The move, detailed in a recent briefing to the press, acknowledges that scientific difficulty is not the sole impediment to rare disease drug development. The limited patient populations and challenges in securing sufficient clinical data often lead to delays that directly translate to lost treatment opportunities, according to officials.
The Ministry’s revised approach aims to transform the regulatory agency from a final gatekeeper to a development partner, offering guidance and support at each stage. This includes early-stage regulatory consultations, designation programs, expedited reviews, and streamlined authorization processes. The Korea Health Industry Development Institute (KHIDI) is playing a key role in coordinating these efforts.
“The biggest variable in rare disease treatment development isn’t just scientific difficulty,” explained Park Mi-sun, a project manager at KHIDI’s K-Health Future Promotion Division. “Development delays, in an environment where patient numbers are small and clinical data is difficult to obtain, directly equate to lost chances for treatment.”
The National Institute for Health (NIH) in South Korea is as well actively involved, focusing on clinical and genomic analysis of rare diseases to accumulate Korean-specific genetic information and develop clinical practice guidelines for secondary findings. The NIH is working to secure information on variants of uncertain significance (VUS) in undiagnosed rare disease cases, according to a statement on its website.

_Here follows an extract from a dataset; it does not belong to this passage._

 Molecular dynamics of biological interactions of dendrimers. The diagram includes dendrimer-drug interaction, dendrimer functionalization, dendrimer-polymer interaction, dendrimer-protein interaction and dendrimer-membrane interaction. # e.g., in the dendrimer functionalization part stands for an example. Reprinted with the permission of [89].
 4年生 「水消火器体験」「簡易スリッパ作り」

The initiative comes as artificial intelligence (AI) firms are increasingly focusing on predicting clinical success in rare disease pipelines. IDBain, an AI-driven drug development analytics company, recently released analysis suggesting a high probability of success for NDC-011, a complex drug developed by Doctor Noah Biotech for the treatment of Amyotrophic Lateral Sclerosis (ALS), also known as Lou Gehrig’s disease. IDBain’s system, which combines vector-model analysis, a bio-specific large language model, and a hybrid-LLM, is designed to predict clinical success and FDA approval with 80-90% accuracy, focusing specifically on Phase 2 clinical trials – a stage known for high failure rates in rare disease development.

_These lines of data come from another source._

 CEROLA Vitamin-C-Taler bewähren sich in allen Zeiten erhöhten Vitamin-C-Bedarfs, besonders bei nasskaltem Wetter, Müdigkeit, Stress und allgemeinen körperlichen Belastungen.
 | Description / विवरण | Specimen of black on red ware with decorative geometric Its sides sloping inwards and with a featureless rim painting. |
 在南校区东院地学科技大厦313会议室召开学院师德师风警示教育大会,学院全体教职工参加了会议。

Though, applying AI to rare disease pipelines has historically been challenging due to the limited data available. The focus on Phase 2 trials reflects the critical need to identify promising candidates early in the development process.
The Ministry of Food and Drug Safety (MFDS) is emphasizing a “whole-cycle regulatory system,” supporting development from the initial stages through to authorization. This represents a shift from simply reviewing requirements at the approval stage to actively engaging in the development process itself.
The MFDS has not yet announced a specific timeline for the full implementation of the novel regulatory framework, and no public comment period has been scheduled.